Coming to Terms with IDEs

This week Brandon Walsh finished up his summer of blogging, a series I very much enjoyed following along with. It was a refreshing reminder that a blog post doesn't need to be a whole production: jotting down and sharing a few thoughts or a tip or a workflow can have a lot of value for yourself and others. So much of that kind of casual writing ended up on Twitter over the last decade, where it now sits in people's individual archives, has been deleted, or is juxtaposed with increasingly dubious ads on something called "X".

I've been greatly enjoying my time over on Bluesky (where Brandon and I have been working on getting invite codes to any DH folks who want them), but there's no denying the increasingly fractured nature of the broad DH community, and I'd rather write things in a place that are easier to find and reference in the future. So, a return to deliberate blogging -- with any luck, at the "once every two weeks" pace Brandon suggested.

Today's anecdote and DH pro-tip come out of my own efforts to learn to code, which I've written a lot about over on the Data-Sitters Club (DSC 12: The DSC and the New Programming Language especially, but "learning to code" is also one of the longest entries in the DSC index) and elsewhere, including arguing that learning to code should be weighed against learning myriad other things for people interested in DH.

I've written about Jupyter Notebooks and shortly after DSC 8 we switched to publishing the Data-Sitters Club using Jupyter Book, but I've never talked about IDEs or the software I use to write code because... I didn't use one. For the last five years, I've been writing all my code using the Jupyter Notebook environment. No plugins, nothing fancy, not even a whiff of autocomplete. Except when I was in a hurry, I wouldn't let myself copy and paste code from Stack Overflow: if I wanted to use it, I had to retype it. This, I reckoned, was how I learned human languages, and this was how I was going to learn to code.

If you've seriously studied another human language, you'll remember that passive recognition is much, much easier than production. The less thoughtfully produced Duolinguo courses (looking at you, Duolinguo Ukrainian) cut corners in the same way: in all the exercises, the answers are already there in front of your eyes. You just need to string the words together in the right order, or form a plausible translated English sentence. If you have the vaguest sense of what any of the words are, you'll rack up the gamified points.

Staring at a blank page and trying to summon from the depths of your brain what the word is -- and then sorting out the right form of the word and producing it from nothing, one letter at a time -- is an entirely different experience. Doing that same thing, but faster and verbally, is another challenge. And I thought to myself that if I was ever going to get good enough to do what I imagined to be the coding equivalent of fluent speech, I could allow myself no shortcuts. No copy/paste, no autocomplete, certainly no spicy AI autocomplete. It had to be me staring down a blank screen.

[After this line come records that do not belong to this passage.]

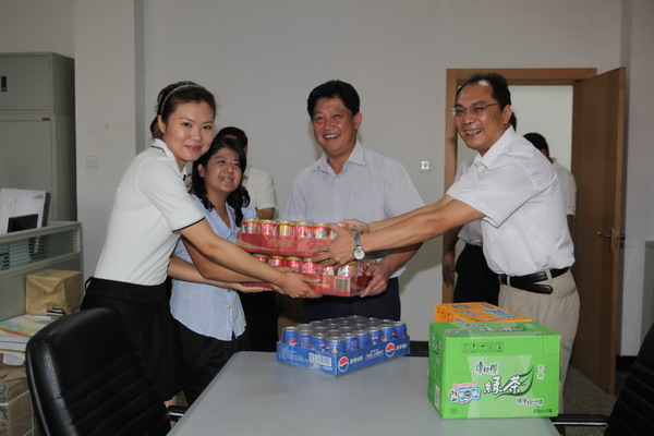 校党委书记陈学奇、纪委书记路波为坚守岗位的职工送去消暑饮料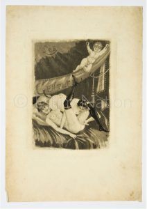 Saphisme - Gravure représentant une scène de sexe avec deux femmes - Les amours d'un gentleman - 12,9 x 18,3 cm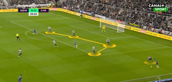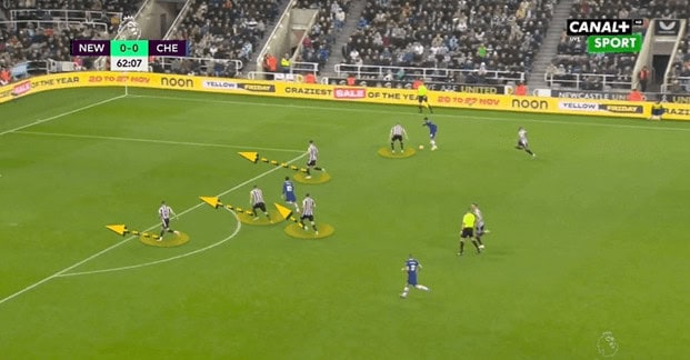 Even though there is only one Chelsea player going into the box, the Newcastle players go into the box to create a back four, rather than one more player pressing the ball carrier to try and regain possession.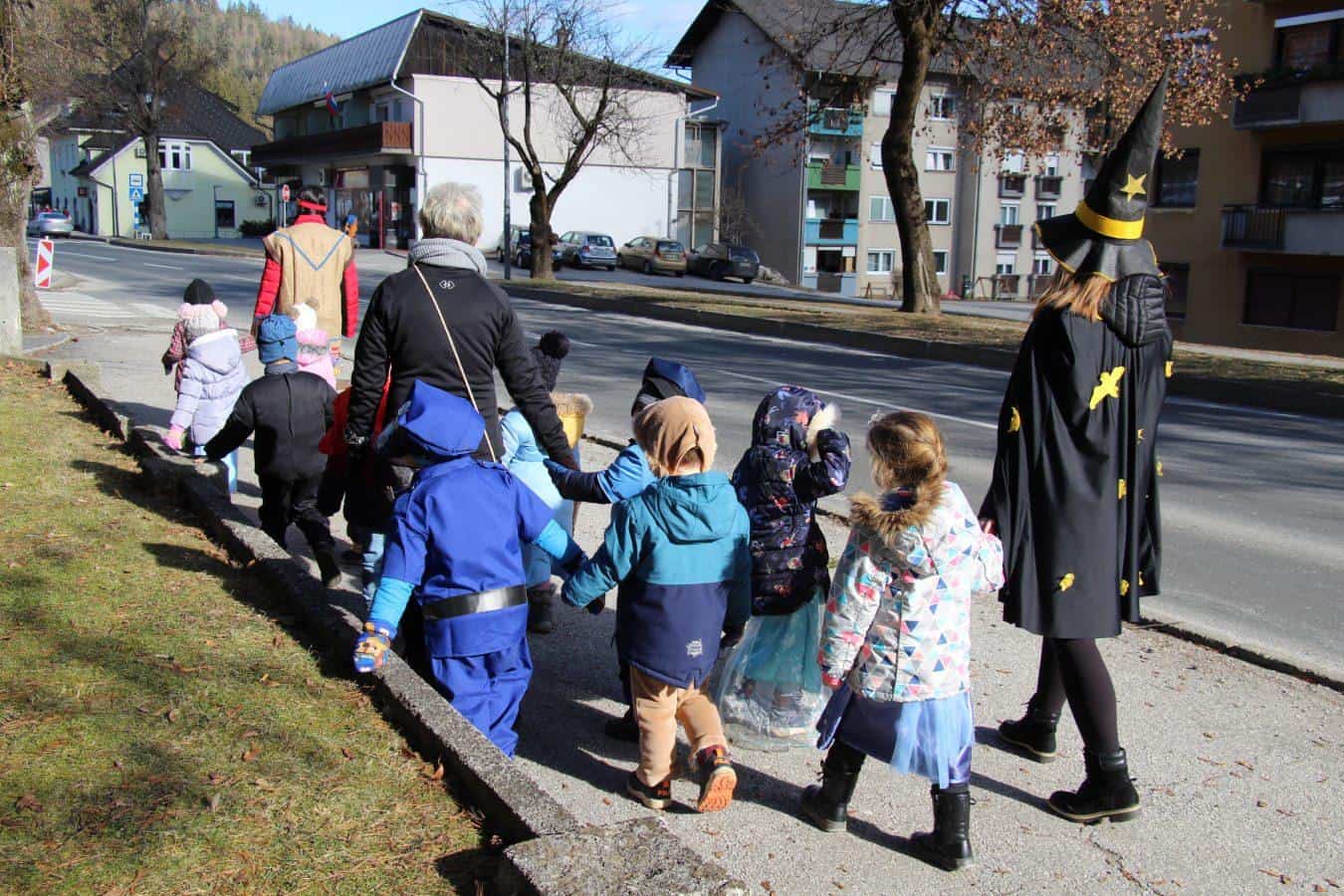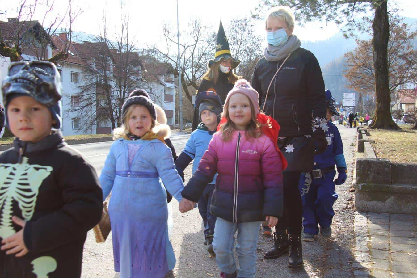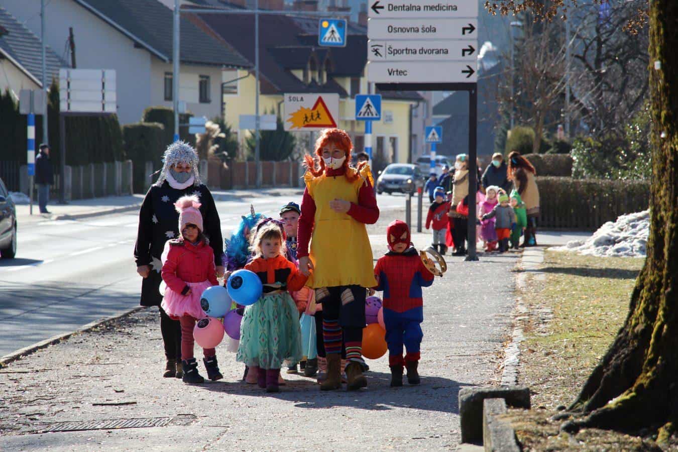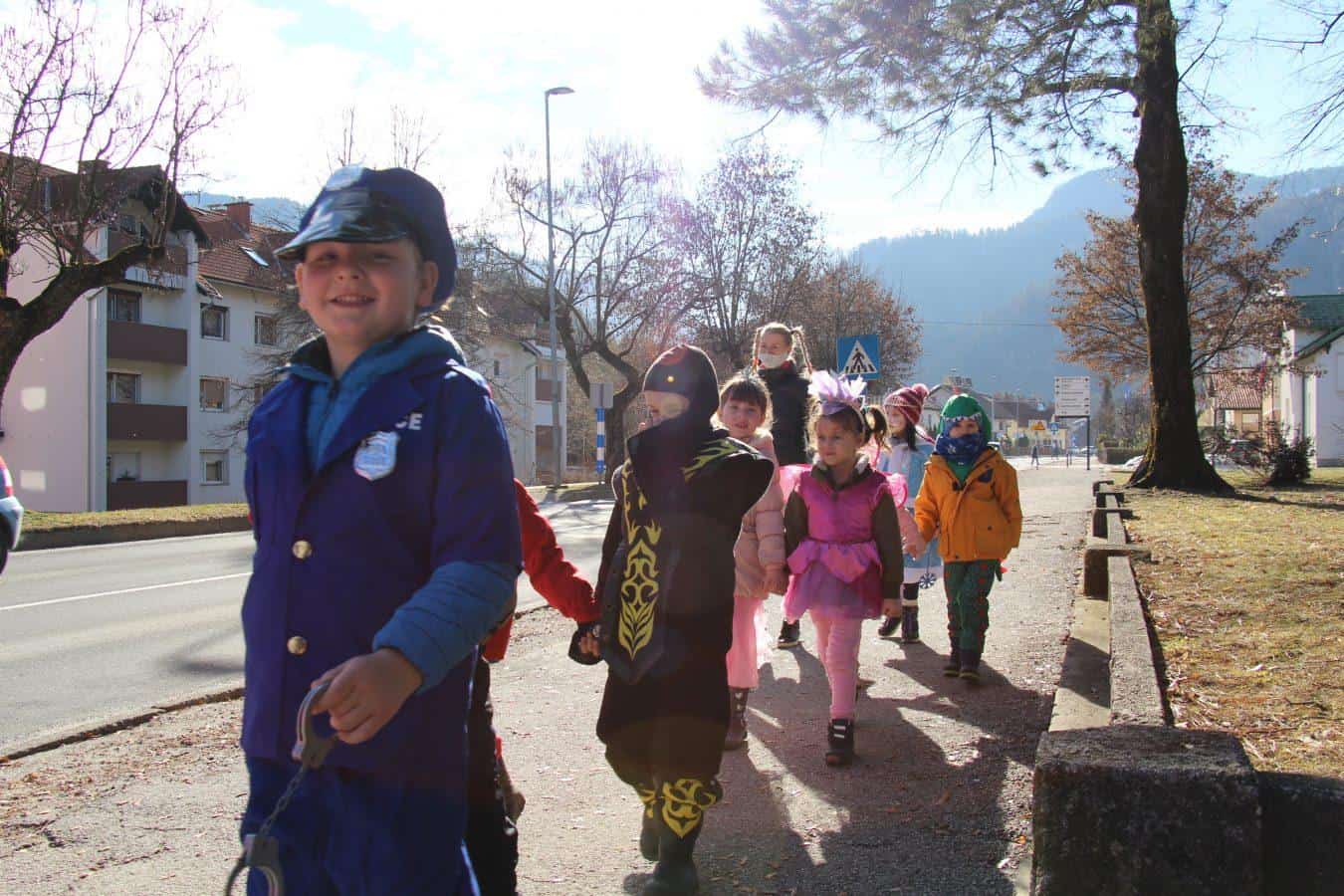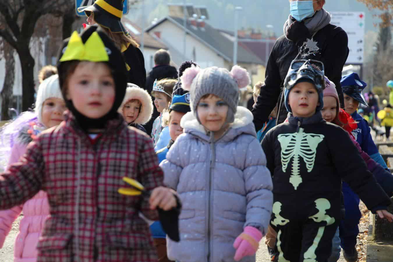 Po pustnem plesu pa so se maškare v pisanih “mehurčkih” podale še na sprehod po Mežici. Mimoidoče so razveseljevali s pustnimi pesmicami in klicali pomlad, v upanju, da z zimo odženejo tudi koronavirus,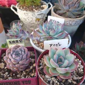 今日のお昼も猛暑 止まらずでした☀️.° 1⃣トックリラン (ポニーテール) 植え替えしたので 葉っぱの緑濃くなりました🪴 2️⃣ずっと植えっぱなしの ブロウメアナ🤭 紅葉じゃなくて・・・ 栄養不足の色です😅 3️⃣いちごの日 1日遅れです(,,>᎑<,,)♡ ピンクウィッチ また元気でてきました🩷 イチゴマンとリンゴマン 🍓🍎•*¨*•.¸¸♬︎ 4️⃣数少ない夏越し成功の エケベリア🩷🩷 オアシスさんからの 🍓編み編み添え🩷 5️⃣名無しの権兵衛さん 解体候補です🤭 🏷毎月16日はトトロの日 🏷毎月15日はいちごの日 🏷1日遅れてめんごめんご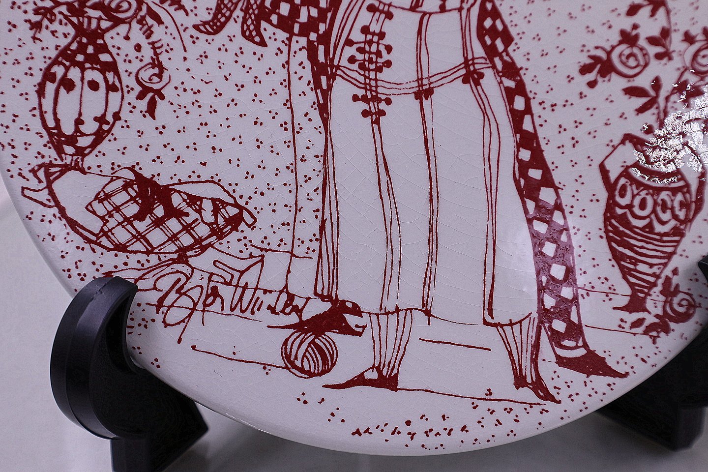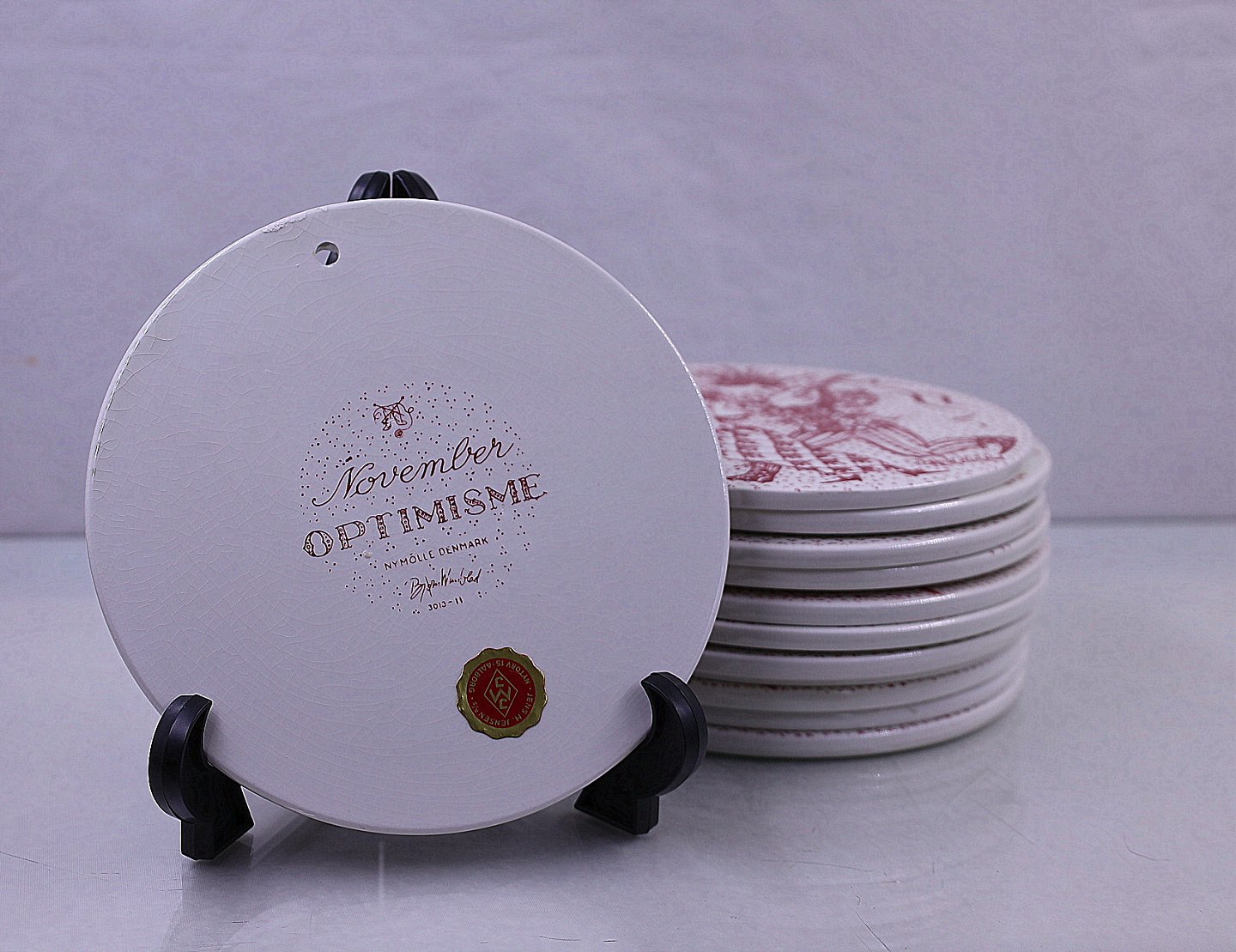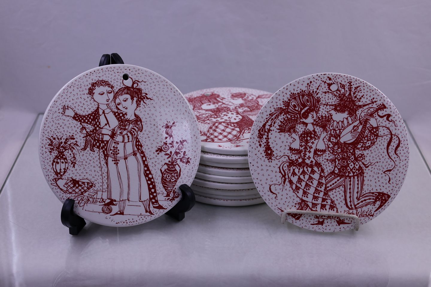 Bjørn Wiinblad. Månedsplatter/brikker med rød dekor. Platterne viser "Året for et kærrestepar", det viser fra de mødes i januar til der kommer barn i december.

I can't say it didn't work: I am, after several years of work, much more comfortable and capable with writing code. During some phases of the year, I do it regularly; like most things, to keep your skill you have to practice. But it can be a bit of a mental stretch, especially when I return to it after a break. How many equals signs do I need here? What was the syntax for wrangling those CSVs? I've written enough code by now that I can crib from older projects, but I have to fight inertia to get started. There is a particular kind of energy and focus I need to want to tackle writing code, and its supply is far from infinite or reliable.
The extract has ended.